Now I need to show that $(-s)(-t) = st$ for any $s,t \in \mathbb{R}$

$(-s)(-t)+(-((-s)(-t)))=0$ since they are additive inverses

$(-s)(-t)+(-(-s))(-t) = 0$ by (***)

$(-s)(-t)+s(-t)=0$ by (**)

$(-s)(-t) = -(s(-t))$ by uniqueness of inverses

$(-s)(-t) = s(-(-t))$ by (***)

$(-s)(-t) = st$ by (**)

It may appear that I am done here but in fact I have not said that (despite appearances) $-s$ and $-t$ are indeed negative; however, if we now assume that $s>0$ and $t>0$ then by the order axioms we have that $st>0$. But is it true that $-s$ and $-t$ are negative? Let’s find out…
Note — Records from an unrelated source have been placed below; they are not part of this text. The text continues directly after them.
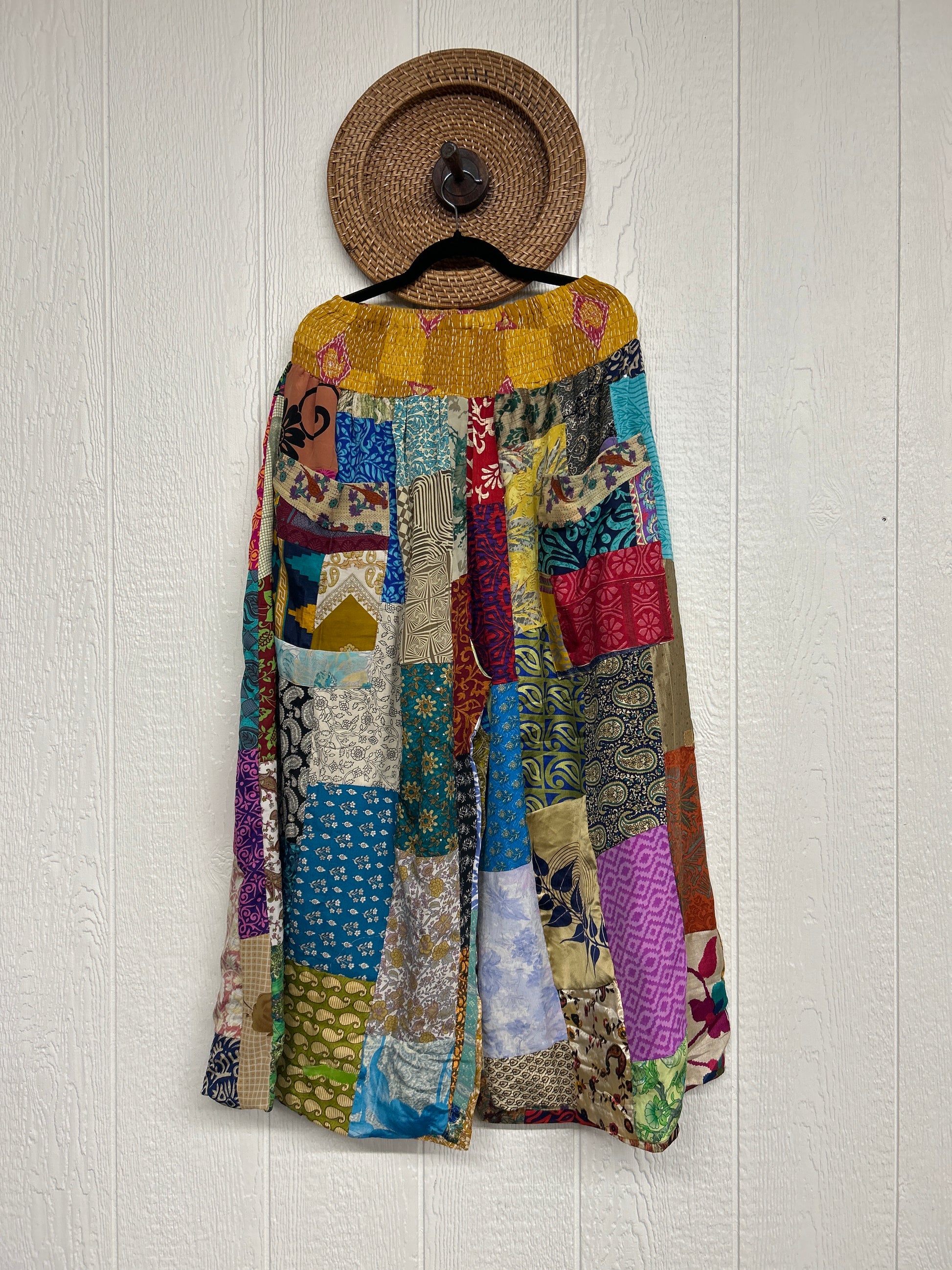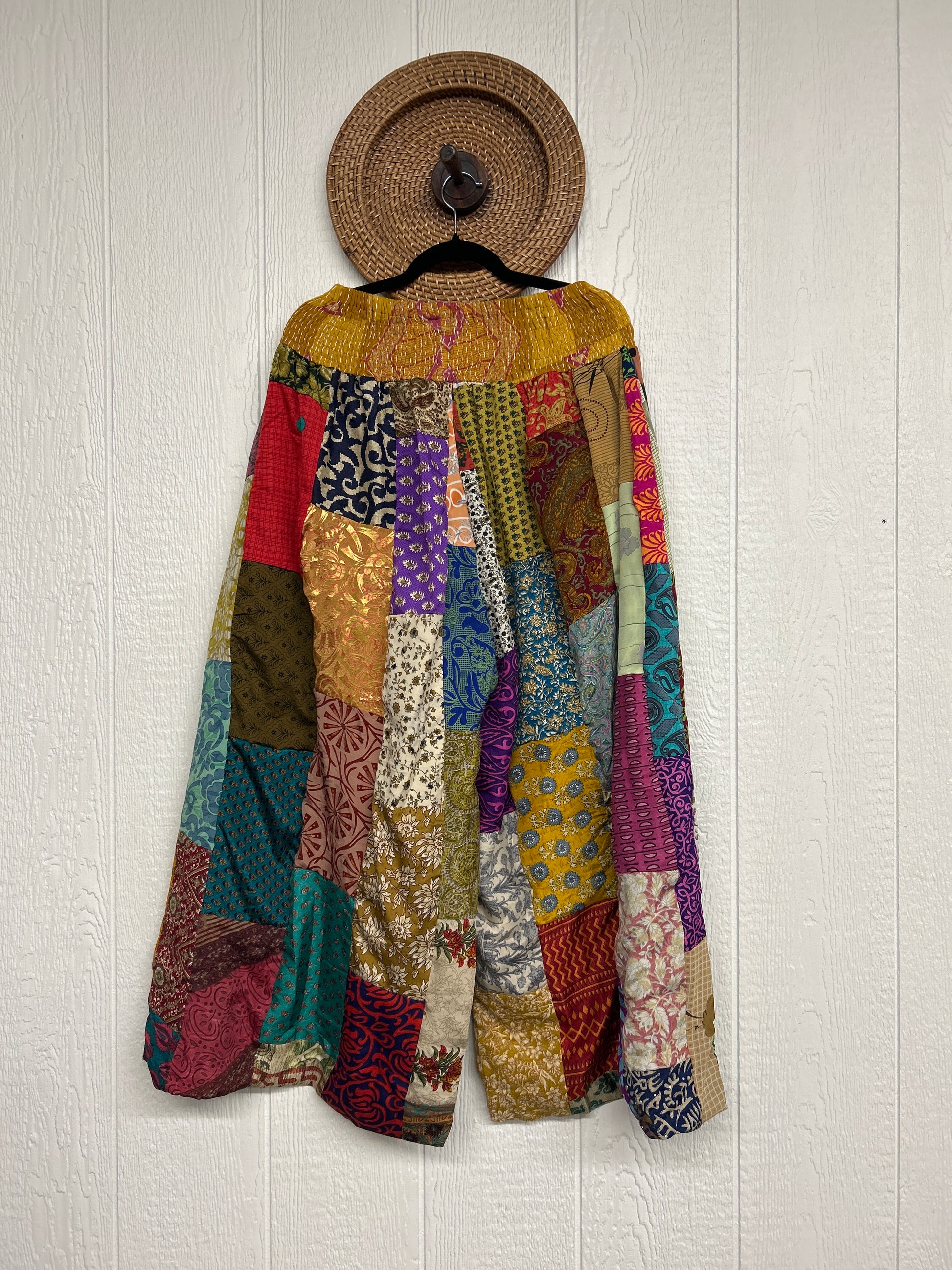 Features super wide legs that make your pants dance when you walk. Front slouchy pockets are deep enough to fill with your treasures. Vintage Rasgulla and Crepe Sari make up the beautiful patchwork featured on the outside with vintage cotton sari lining on the inside. Fully reversible and free size in all the ways!
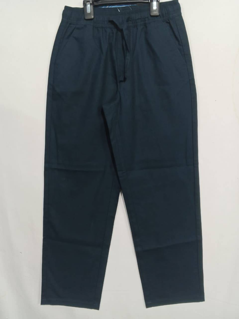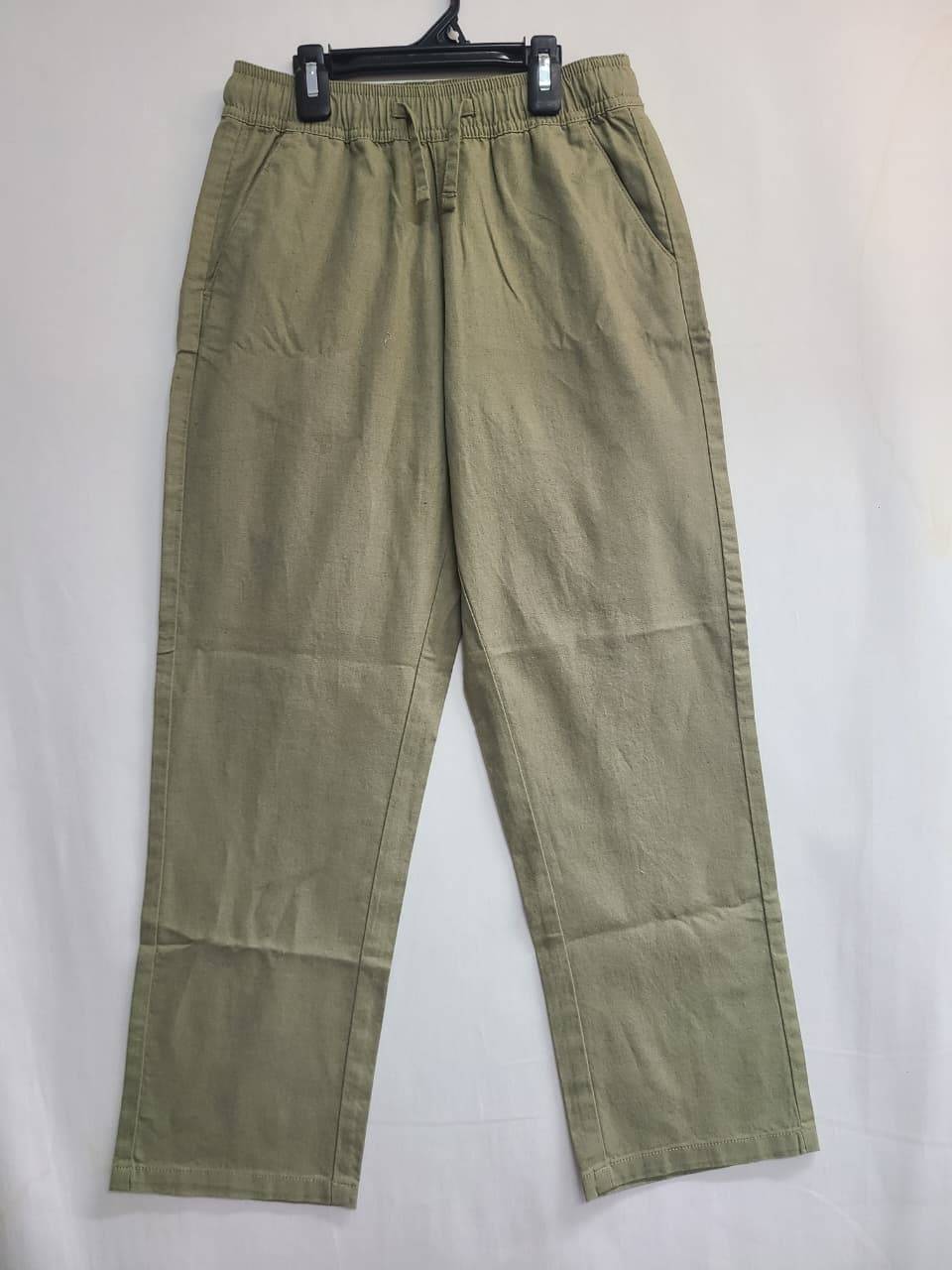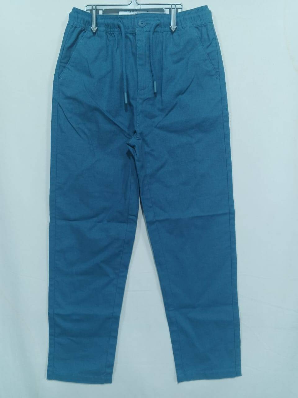 TWILL LINEN BLEND OVER DYED PULL ON BOTTOM/GREEN AS SAMPLE
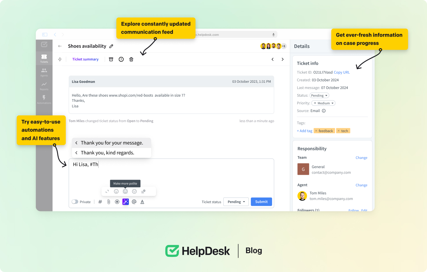 Leveraging these insights allows you to address pain points, enhance customer satisfaction, and build stronger, more loyal relationships with your existing customers. Tools like HelpDesk can streamline collecting and analyzing feedback, ensuring that no valuable insight is overlooked and that your support operations are efficient and responsive.
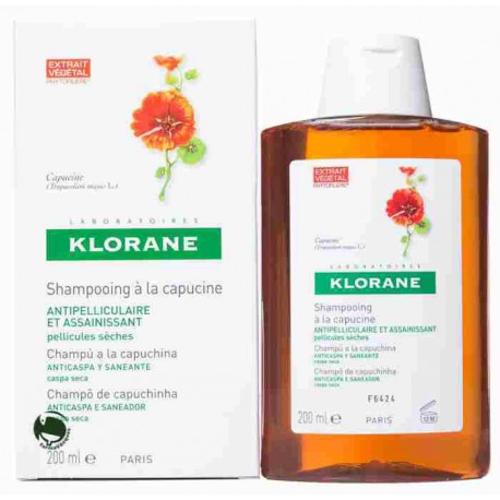 es un champú al extracto de Capuchina que elimina rápidamente la caspa seca , sanea el cuero cabelludo y devuelve al pelo su resplandor .
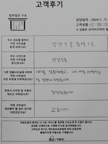 이혼 및 가사 (상간녀 소송 상담 ) 의뢰인분의 실제 고객후기
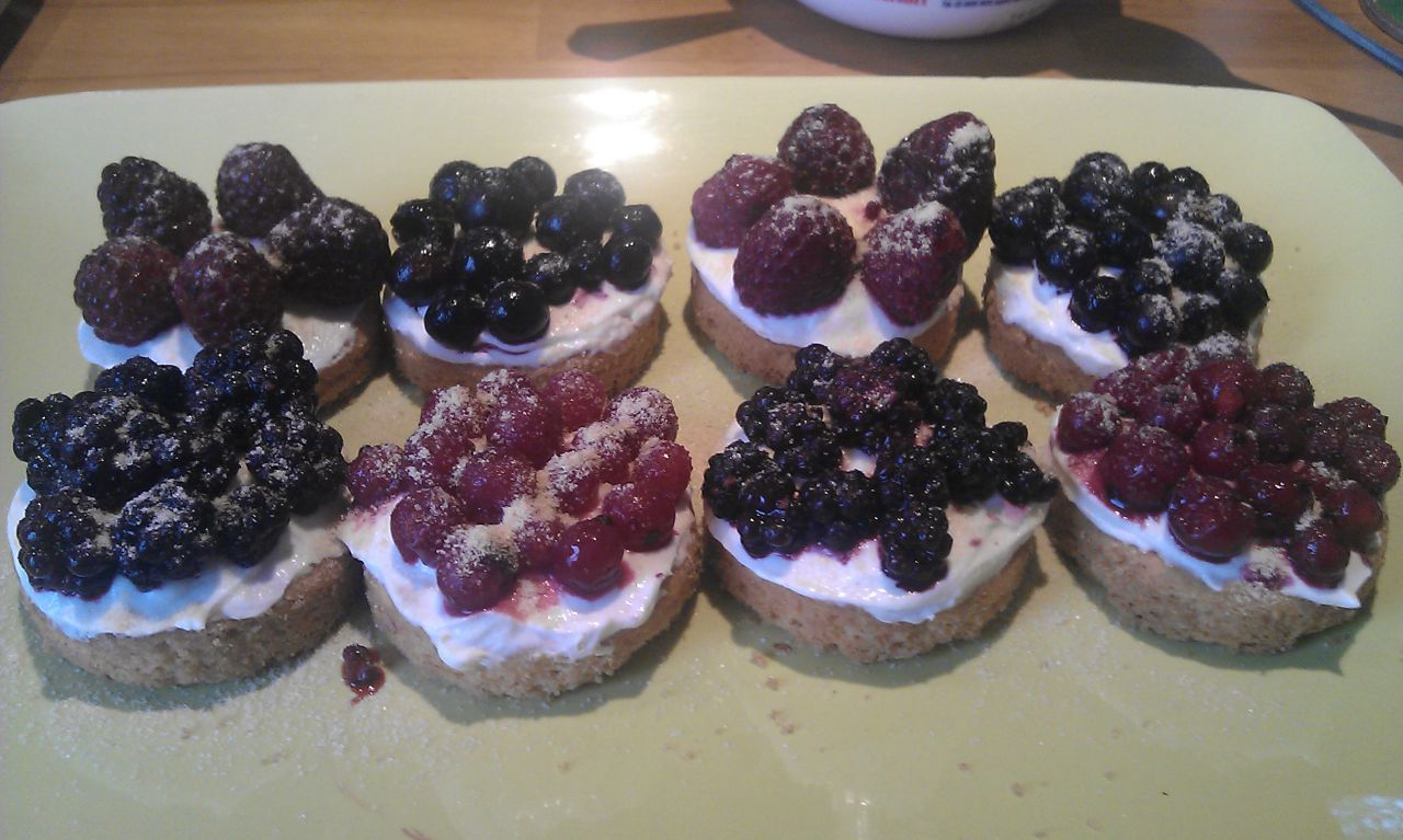 | Dire merci | - Palets aux fruits rouges • 150 g de mélange aux fruits rouges surgelés (j'ai acheté ça chez Simply, Auchan a aussi, c'est bien pratique) • 8 palets bretons • 23g de mascarpone • 1 petit suisse à 0% • 1 cc d'édulcorant en poudre • 1 sachet de sucre vanillé Mélanger le mascarpone et le petit suisse avec l'édulcorant et 1/3 du sucre vanillé. Etaler cette préparation sur les palets. Mettre les fruits rouges et les saupoudrer du reste de sucre vanillé. Voilà c'est prêt ! Très facile à faire et trop bon ! |
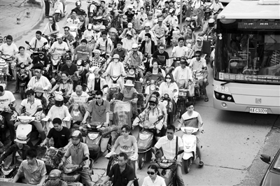 8月8日,广西南宁市街头行驶的电动自行车。据不完全统计,目前南宁市的电动车总数已达到80万辆,其中至少约70%属于超标电动车。从2013年8月15日开始,南宁市启动全市电动自行车集中登记上牌工作,2014年1月起全面实施规范化管理,遏制电动自行车交通违法蔓延态势。今后,无牌证车辆将禁入市区。 CFP供图
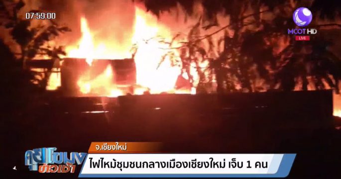 เกิดเหตุเพลิงไหม้ชุมชนแออัดกลางเมืองเชียงใหม่ เสียหาย 4 หลัง มีชาวบ้านบาดเจ็บสำลักควัน 1 คน สาเหตุคาดว่าเกิดจากไฟฟ้าลัดวงจร
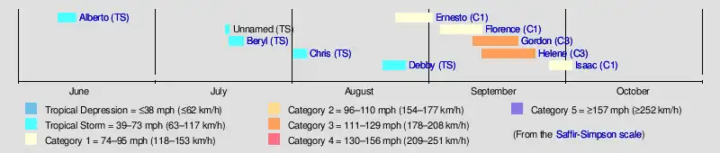 The 2006 Atlantic hurricane season was a cycle of the annual tropical cyclone season in the Atlantic Ocean in the Northern Hemisphere. The season officially began on June 1, 2006, and ended on November 30, 2006. These dates, adopted by convention, historically describe the period in each year when most subtropical or tropical cyclogenesis occurs in the Atlantic Ocean.[1] The first storm to form in 2006 was Tropical Storm Alberto on June 10;[nb 1] the last, Hurricane Isaac, dissipated on October 2.
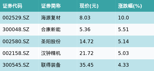截至早盘收盘,光伏概念主题涨跌幅最高的五只股票为:海源复材(002529.SZ)、合康新能(300048.SZ)、圣阳股份(002580.SZ)、汉钟精机(002158.SZ)与联得装备(300545.SZ)。详情见下表:
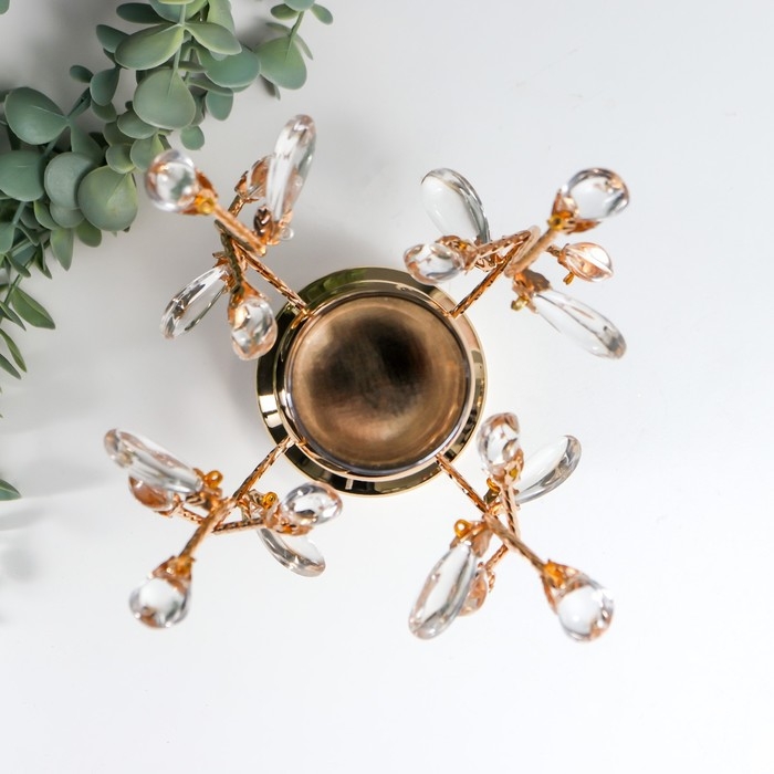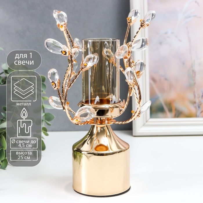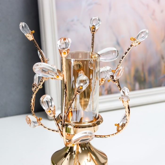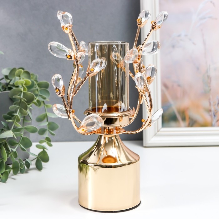 Подсвечник металл на 1 свечу "Веточки с кристаллами. Колонна" золото 25х15х15 см
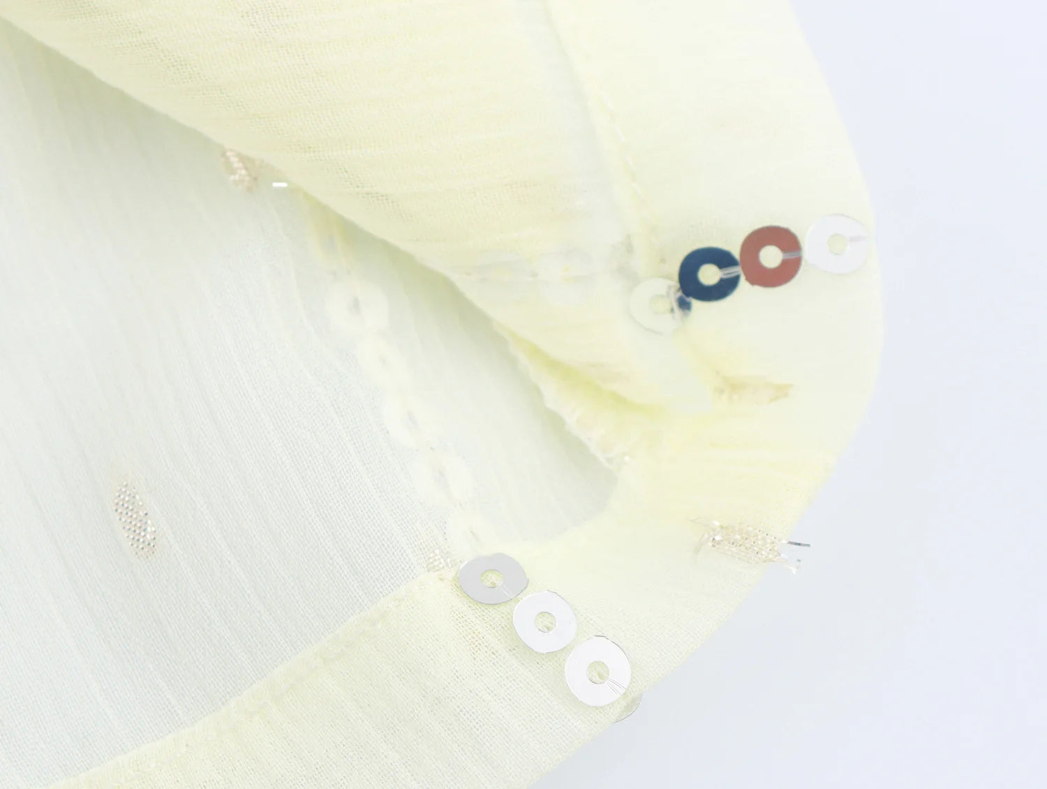 Fabric: Blended polyester with layered decoration and sequin detailing

since $s>0$ then by the order axioms we have that $s+(-s)>-s$. But $s+(-s)=0$ since they are inverses so $0>-s$. In other words $-s<0$ and thus $-s$ is negative. Similarly it can be shown that $-t$ is also negative hence $(-s)(-t)$ is indeed the product of two negative real numbers and thus since $(-s)(-t)=st$ and $st>0$ then $(-s)(-t)>0$ and the product $(-s)(-t)$ is positive. The proof is complete.

This proves that the fact that two negatives multiplied together give a positive is not just some rule that someone made up for a laugh to make maths difficult for GCSE and A-Level students – it is entirely consistent with the axioms of the real number system. Edmund Landau gives a much more thorough treatment of this in his book Foundations of Analysis, which I mentioned in my previous post on $2 \times 2 = 4$ in which the author builds gradually up to the real number system from the natural numbers and doesn’t assume the axioms that I have stated above. However this way of doing things is much longer to carry out taking Landau almost 90 pages to do; conciseness is desirable but must give way to thoroughness from time-to-time.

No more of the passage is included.